Random Forests — Section 3: Tree Ensembles

Random forests train many decision trees on bootstrap samples of the training data, with feature subsampling at each split, then average their predictions (regression) or vote (classification).

Why bootstrap

Each tree sees a sample of size $n$ drawn with replacement from the training set of size $n$ . About 63% of unique rows appear in any given sample; the other ~37% are "out of bag" for that tree. This:

Decorrelates trees so their averaged variance falls faster than a sum of correlated variances would
Provides a free validation estimate via out-of-bag (OOB) predictions

Why feature subsampling

At each split, only $m$ of the $p$ features are considered. For classification, $m = \sqrt{p}$ is the default; for regression, $m = p/3$ . This further decorrelates trees — without it, every tree would split on the dominant feature first and you'd get the same tree many times.

Variance arithmetic

The variance of the average of $B$ identically distributed (but correlated) RVs with variance $\sigma^2$ and pairwise correlation $\rho$ is:

\rho \sigma^2 + \frac{1-\rho}{B} \sigma^2

As $B \to \infty$ , the second term vanishes but the first doesn't. Reducing $\rho$ via bootstrap + feature subsampling is the only way to push variance below $\rho \sigma^2$ .

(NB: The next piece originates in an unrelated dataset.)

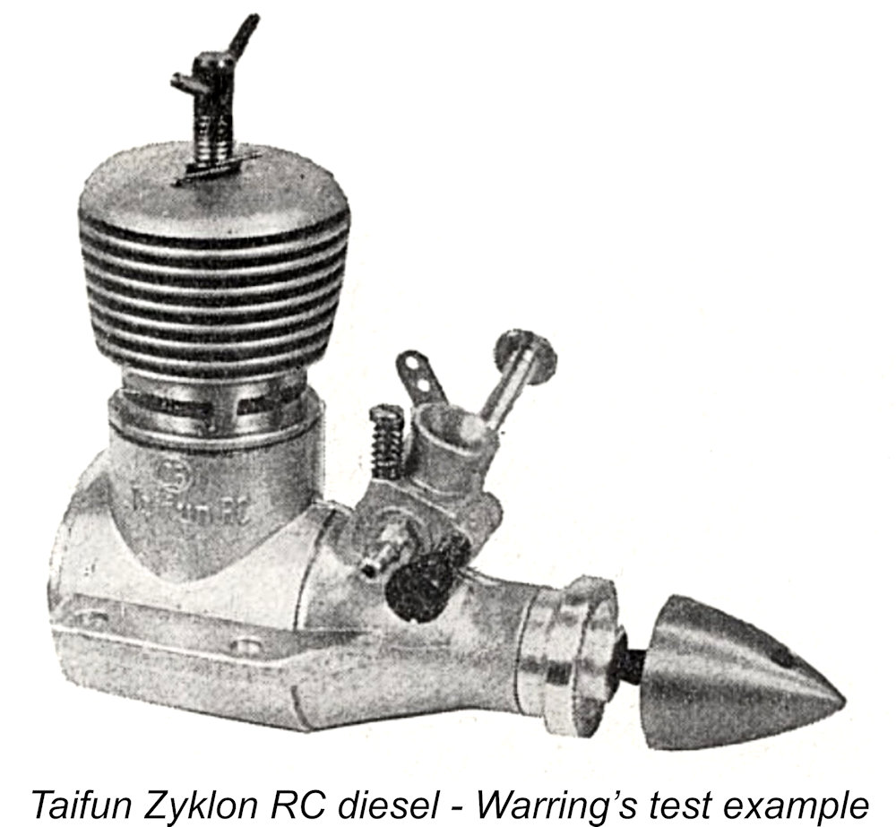 Reverting to the standard un-throttled intake and using a fuel containing 7% nitromethane, Warring reported a peak output of 0.304 BHP @ 13,300 RPM for the engine, which he rightly characterized as a “moderate” performance for an engine of this type and displacement. He reminded his readers that these figures applied to the unthrottled version of the engine, commenting that the throttled version might be expected to give “an appreciably lower performance, particularly at the high speed, and probably peaking at around 11,500 – 12,000 RPM”. Overall, it must be said that this constituted a somewhat lukewarm endorsement of the Bison. It can’t have contributed to much in the way of customer enthusiasm! Despite this, the Bison appears to have remained on offer for some years, implying that it must have attracted a reasonable number of customers. R/C Continues to Dominate – the Taifun Zyklon Diesel

Practical defaults that work

500–1000 trees (more is fine but diminishing returns)
Trees grown deep, no pruning (variance reduction does the regularization)
$m = \sqrt{p}$ for classification
min_samples_leaf $\geq 5$ for noisy targets

When to prefer over GBMs

Random forests need almost no tuning, train trivially in parallel, and rarely overfit. Gradient boosting usually wins on benchmark accuracy but needs careful learning-rate and depth tuning. Pick RF for fast prototypes; pick GBM when squeezing every last point matters.